#### Assignment:
Leaving out pictures, output exactly the lines below from the one that has "В свиянето на" through the one that has "SINGA BESAR 2801 PENANG (Barge)ရေယာဉ်", and nothing else.

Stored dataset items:
########

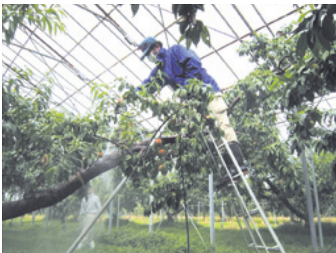
高圧洗浄機によるモモの除染作業

○樹皮の洗浄：粗皮が形成されにくい樹種（モモ、ウメ、ギンナンおよびリンゴ等の若木）では、高圧洗浄機を利用して樹皮を洗浄します。三春町のモモ園では、約50%の低減効果が確認されました（普及所調べ）。
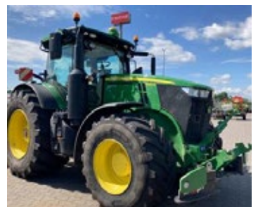
John Deere 7290R | 32326 Bj. 2020, 4.678h, FKH, Rammenschutz, 5 DW, Load Sensing, ISOBUS, K80, Steckachse, E23 Getr., SF 3000 Empf., Ber.: 620/75R30+900/60R42
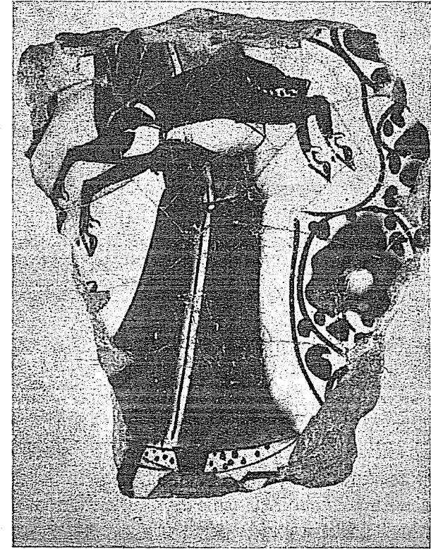
Resim 4. Kubâd-âbâd Sarayları çinilerinde başsız diğer bir figür. (Konya Çini Eserler Müzesi)

4 — Bu çini de yıldız şekilli çinilerden bir parçadır. Üzerindeki resim, üçüncü çinimizdeki figüre pek benzemektedir. Yalnız feracanın etek ucu iç kısmında benekli bir kumaş görülmektedir. (Resim: 4)
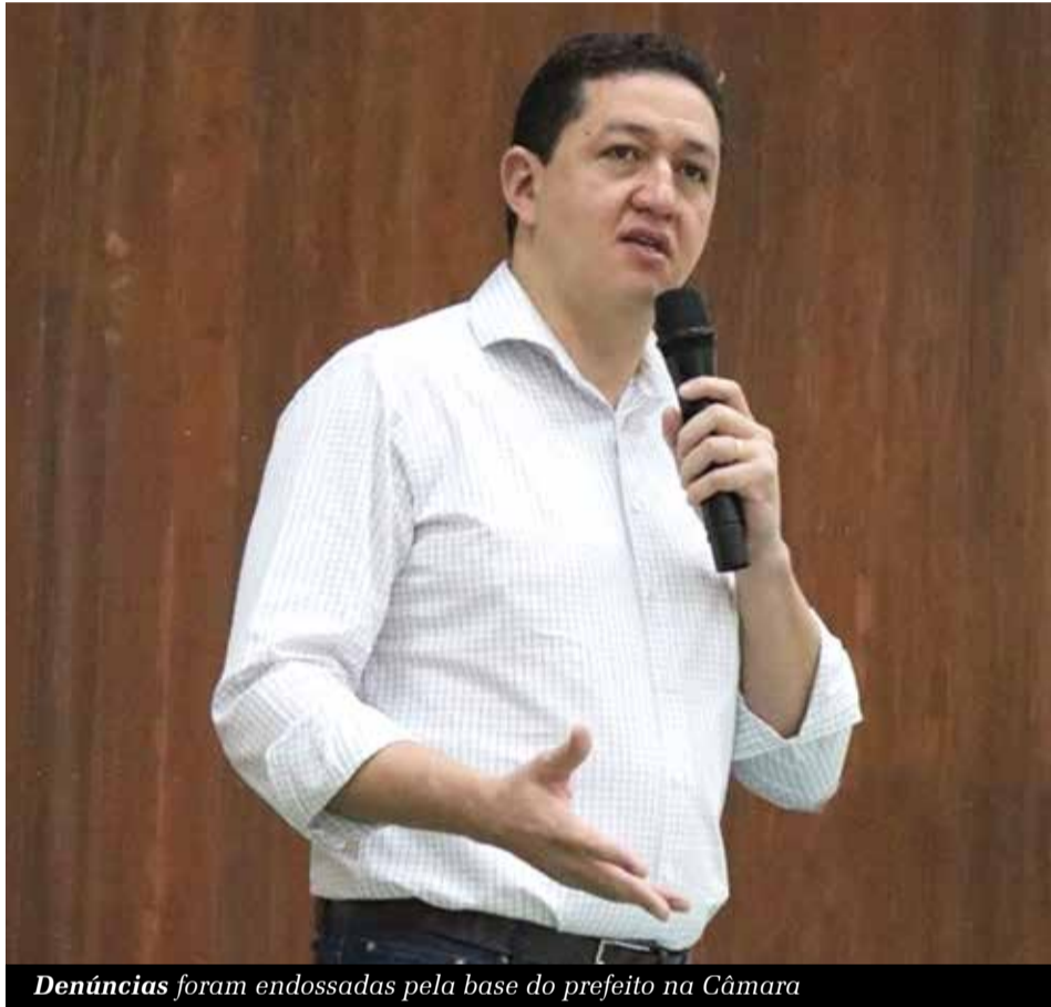
Denúncias foram endossadas pela base do prefeito na Câmara
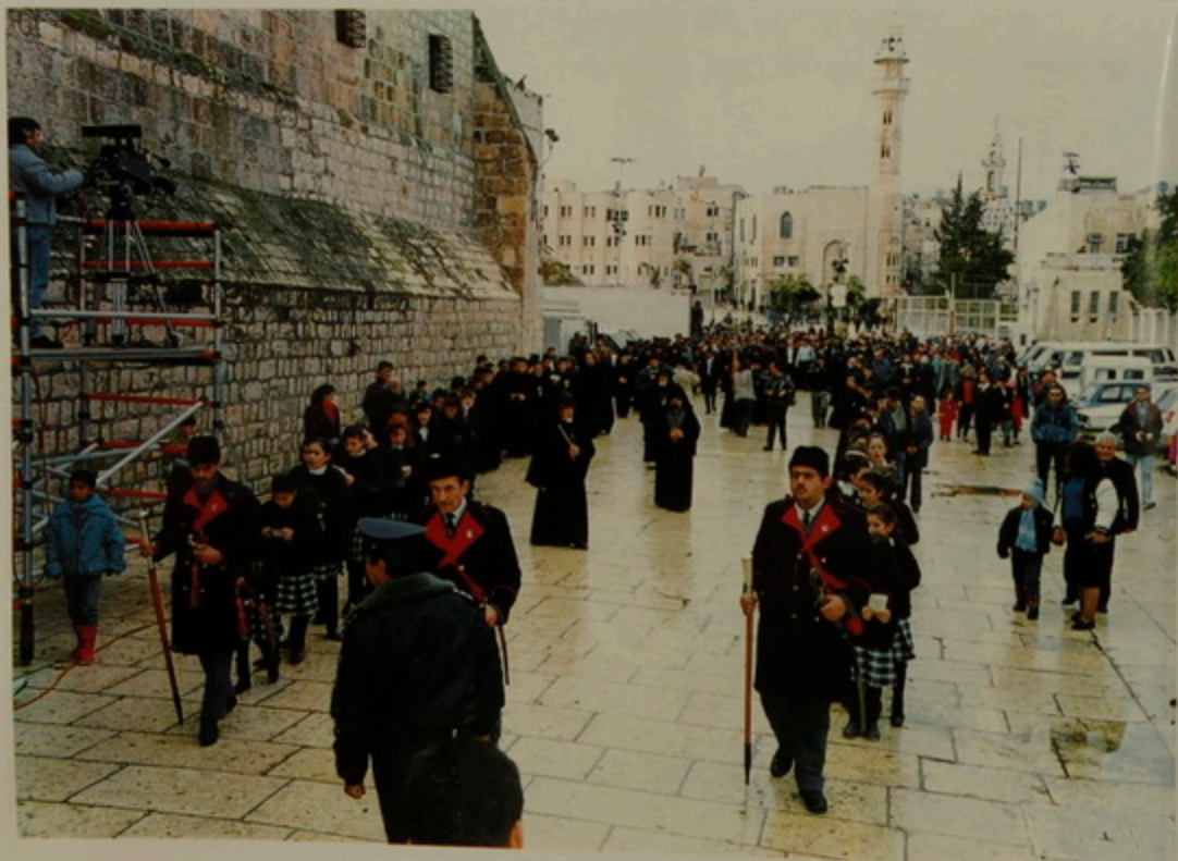
18 Յունուար 1992 Հայկական Ծնունդ, Բեթղեհէմի Հրապարակին Հայոց Վանք թափօ- րով մուտք, Սրբոց Թարգմանչաց Վարժարանի ուղղակիորէն ժամանակցութեամբ:
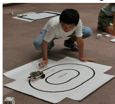
次は、黒い線の上を踏まないようにプログラミング。
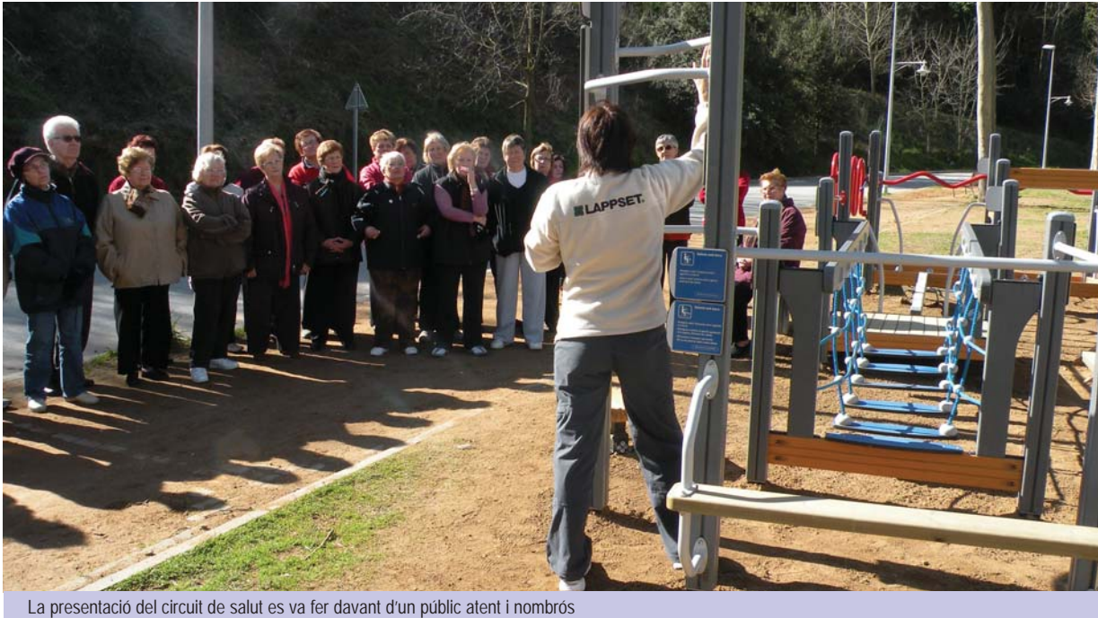
La presentació del circuit de salut es va fer davant d'un públic atent i nombros

Arbúcies ja té un nou circuit de salut per treballar la mobilitat bàsica de les persones grans. La instal·lació serveix per reforçar l'autonomia del
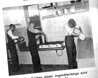
In den Küchen dieser Jugendherberge wird elektrisch gekocht
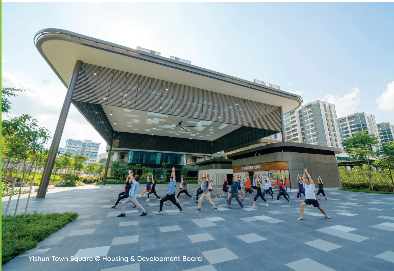
Yishun Town Square

Bandar-bandar kita dirancang agar lengkap dan sesuai untuk didiami, dengan kemudahan kedai, pusat kesihatan, sekolah, prasarana masyarakat dan taman. Pusat-pusat komersial, estet-estet perindustrian dan taman-taman perniagaan di dalam lingkungan atau berhampiran kawasan bandar juga menyediakan peluang pekerjaan untuk penduduk setempat. Perancangan terperinci dan pelaksanaan pelan untuk setiap bandar merupakan satu usaha bersama pelbagai agensi pemerintah.
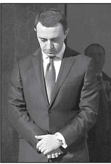
სალმებელია. მაქსიმალურად ყველაფერს გავაკეთებთ, რომ როგორც საარჩევნო სიაში, ასევე მათორიტარობის კანდიდატებად ქალებიც იყვნენ წარმოდგენილი, – აღნიშნა კალაძემ.

ასევე ქალებს ძალიან დიდ ყურადღებას ვუთმობთ, მიგვაჩნია, რომ რაც უფრო მეტი ქალი იქნება აქტიურად ჩართული პოლიტიკაში, მისა-
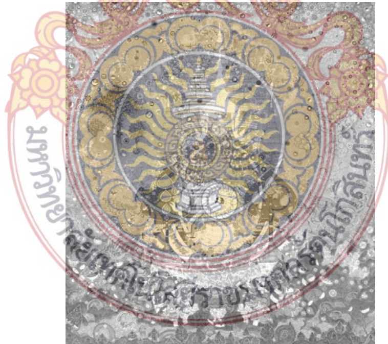
ภาพที่ 19 วิเคราะห์น้ำหนักเข้ม-อ่อน
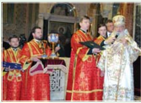
В края на св. Литургия едината патриаршия си разделилата дворовети в отново историческата срещна и братското същеление

В свиянето на светлата Пасха Христова, друг друга обичаме и тако рием: Христос възкресе из мертьви – Възкрисе воскрес Христос! Амин. 29.04.2012 г.
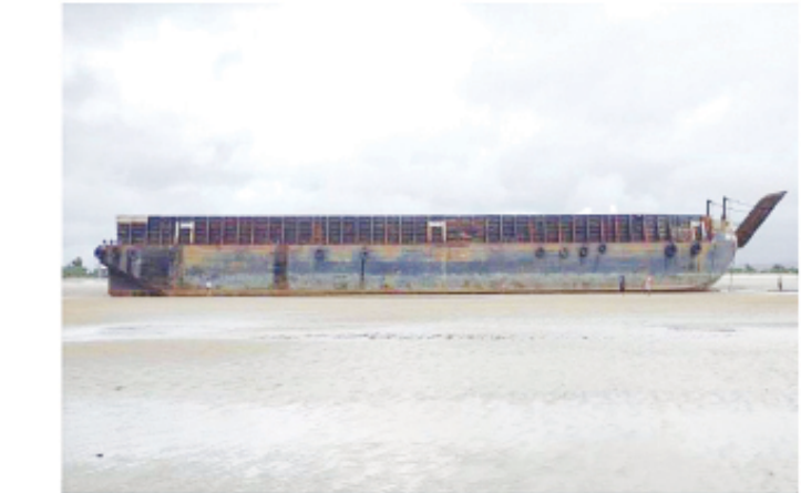
SINGA BESAR 2801 PENANG (Barge)ရေယာဉ်
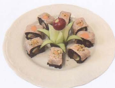
370. BLACK DOUBLE SAKE SALMONE COTTO E CRUDO AVOCADO CON SALSA PICCANTE E RISO VENERE 8PZ € 10,00
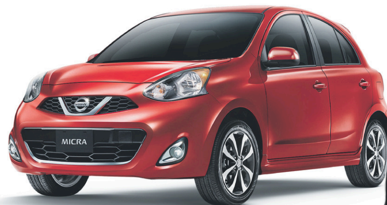
Micra SR illustrée*

3 e BANQUETTE POUR ACCUEILLIR 7 PASSAGERS
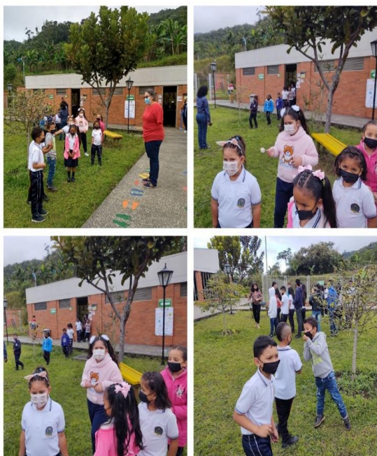
Actividad: Plan de gestión del riesgo
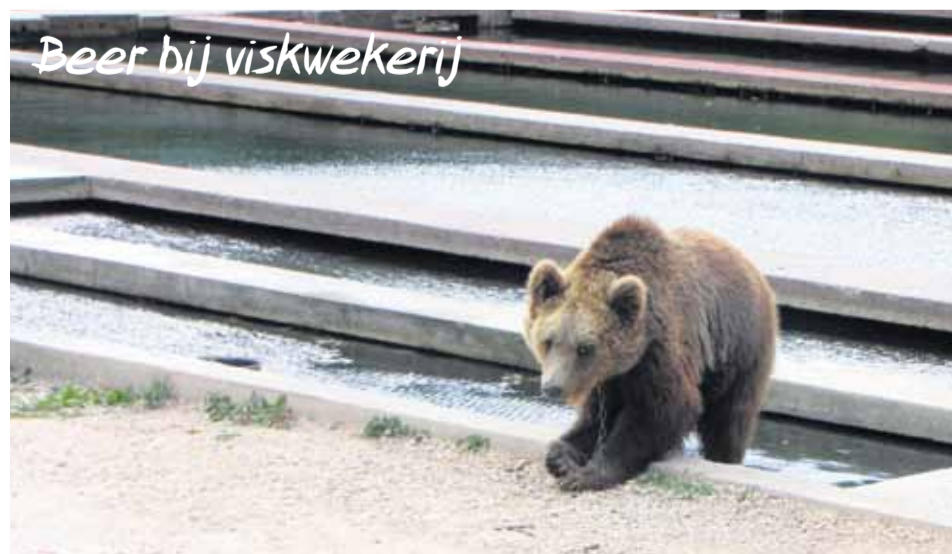
Beer bij viskwekerij

lopen, zich uitstrekken, vriendschappen opbouwen met andere beren en erg belangrijk, meer van hun natuurlijke gedrag uitoefenen zoals het rusten tijdens de wintermaanden. Tegelijkertijd kunnen bezoekers meer leren over beren en vormen de opgevangen beren ambassadeurs voor beren in het wild. Zo zien mensen in dat het beschermen van de natuur betekent dat een imposant, prachtig en belangrijk dier als de bruine beer ook in het wild voor blijft komen.

########

#### Your response:
В свиянето на светлата Пасха Христова, друг друга обичаме и тако рием: Христос възкресе из мертьви – Възкрисе воскрес Христос! Амин. 29.04.2012 г.
SINGA BESAR 2801 PENANG (Barge)ရေယာဉ်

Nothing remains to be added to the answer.